Espaço para comunicar erros nesta postagem
O Irã elevou o tom contra os Estados Unidos em meio a uma onda de protestos sem precedentes que se espalhou por mais de 100 cidades do país. O governo iraniano afirmou que irá retaliar duramente caso seja alvo de qualquer ataque americano, enquanto as ruas seguem tomadas por manifestações contra a crise econômica e o regime do aiatolá Ali Khamenei.
Os protestos começaram impulsionados pela inflação elevada, mas rapidamente ganharam caráter político, com gritos pedindo o fim da República Islâmica. A resposta do Estado foi dura. Autoridades classificaram manifestantes como “inimigos de Deus”, crime que pode levar à pena de morte, e ampliaram prisões e confrontos.
Grupos de direitos humanos relatam mais de uma centena de mortos, incluindo civis e membros das forças de segurança. Hospitais em cidades como Teerã e Rasht estariam sobrecarregados, segundo profissionais de saúde ouvidos pela BBC. O governo, por sua vez, afirma que parte das mortes foi causada por “indivíduos treinados”, sem apresentar provas.
Com a internet praticamente bloqueada, imagens verificadas mostram confrontos intensos, veículos incendiados e disparos em áreas urbanas.
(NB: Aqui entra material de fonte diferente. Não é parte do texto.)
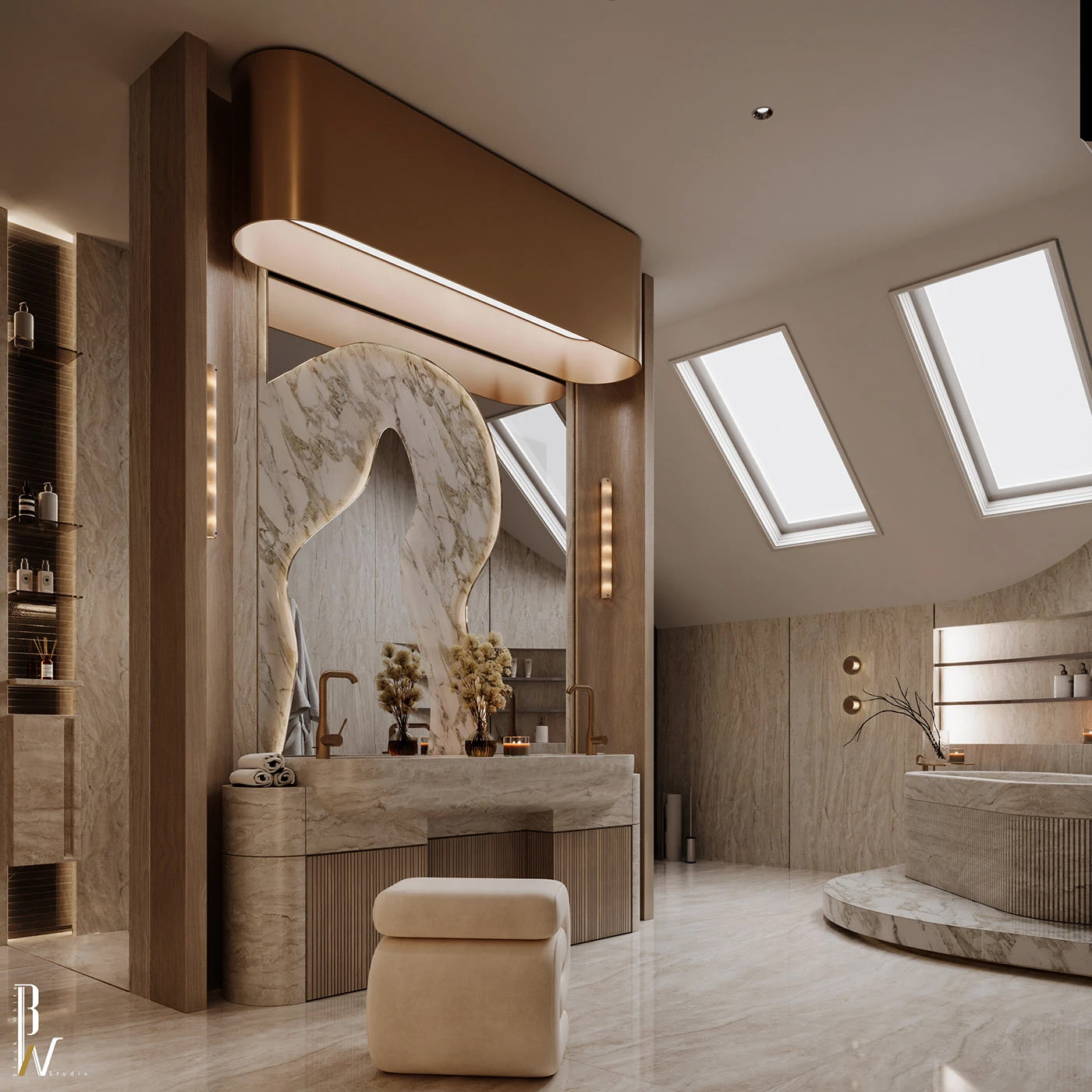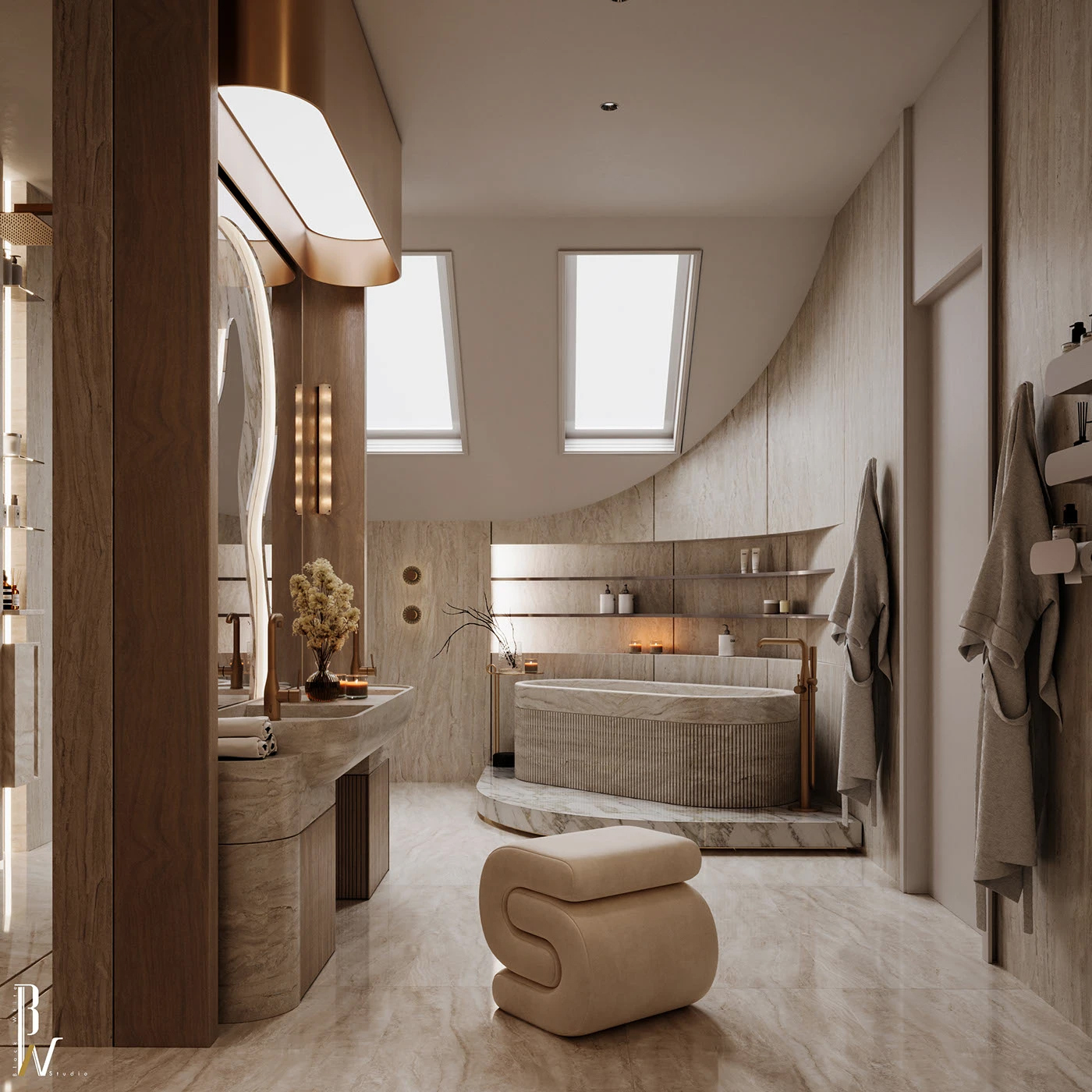 - 仪式感空间:弧形浴缸区、艺术异形镜、嵌入式收纳… 把 “洗漱变成享受” 拉满🛀 泡澡时能透过天窗看星空,主打 “沉浸式疗愈”!

Especialistas apontam que o bloqueio é mais severo do que o registrado nos protestos de 2022, após a morte de Mahsa Amini.
Do lado de fora, o presidente dos EUA, Donald Trump, declarou que está “pronto para ajudar” caso o regime intensifique a repressão, e ameaçou responder “com muita força” se civis continuarem sendo mortos. O parlamento iraniano reagiu dizendo que bases americanas e Israel seriam considerados alvos legítimos.
O cenário indica um ponto de inflexão: uma população cada vez mais disposta a desafiar o poder central e um regime que aposta na força para sobreviver, enquanto o risco de escalada regional cresce no tabuleiro geopolítico do Oriente Médio.